Raw data:

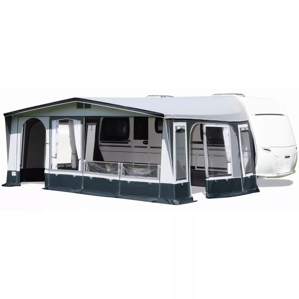 Dieses Caravanvorzelt ist bei Bedarf optional mit einem Vorzelt-Sonnendach erweiterbar. Damit schaffst du dir einen Schattenplatz und kannst deine Sitzgruppe ins Freie verlagern. Oder du benötigst weitere Schlafplätze oder Stauraum? Dann ist der als Zubehör erhältliche Erker bzw. Seitenanbau die Lösung.
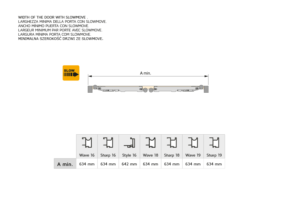 Slowmove door fittings is a set of parts used to install sliding smooth closure doors. The lower carriage is adjustable in height plus or minus 7.5 mm. Resist a weight up to 30kg. It has cushion bearings of Balls and an anti-derailment system using a dock in the lower car, with an adjustable anti-jump stop on the upper skate. The pieces of the kit are made of plastic. It is compatible with 16 mm, 18 mm and 10 mm boards. It has an exceeding upper brake that allows opening in either of the two senses. It works for 2 and 3 doors. Each packaging contains a totality of 2 units.
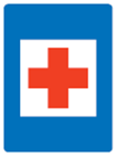 Dieses Zeichen weist auf einen Hilfsposten hin, der für die Leistung erster Hilfe ausgerüstet ist. Wird dieses Zeichen nicht beim Hilfsposten selbst angebracht, so ist auf einer Zusatztafel oder in weißer Farbe auf dem Zeichen selbst in die Richtung des Hilfspostens zu weisen und die Entfernung anzugeben.

Prompt: Take the line that contains "Slowmove door fittings" and all lines after it to the end of the material above, and copy them verbatim without any images.

Written solution:
 Slowmove door fittings is a set of parts used to install sliding smooth closure doors. The lower carriage is adjustable in height plus or minus 7.5 mm. Resist a weight up to 30kg. It has cushion bearings of Balls and an anti-derailment system using a dock in the lower car, with an adjustable anti-jump stop on the upper skate. The pieces of the kit are made of plastic. It is compatible with 16 mm, 18 mm and 10 mm boards. It has an exceeding upper brake that allows opening in either of the two senses. It works for 2 and 3 doors. Each packaging contains a totality of 2 units.
 Dieses Zeichen weist auf einen Hilfsposten hin, der für die Leistung erster Hilfe ausgerüstet ist. Wird dieses Zeichen nicht beim Hilfsposten selbst angebracht, so ist auf einer Zusatztafel oder in weißer Farbe auf dem Zeichen selbst in die Richtung des Hilfspostens zu weisen und die Entfernung anzugeben.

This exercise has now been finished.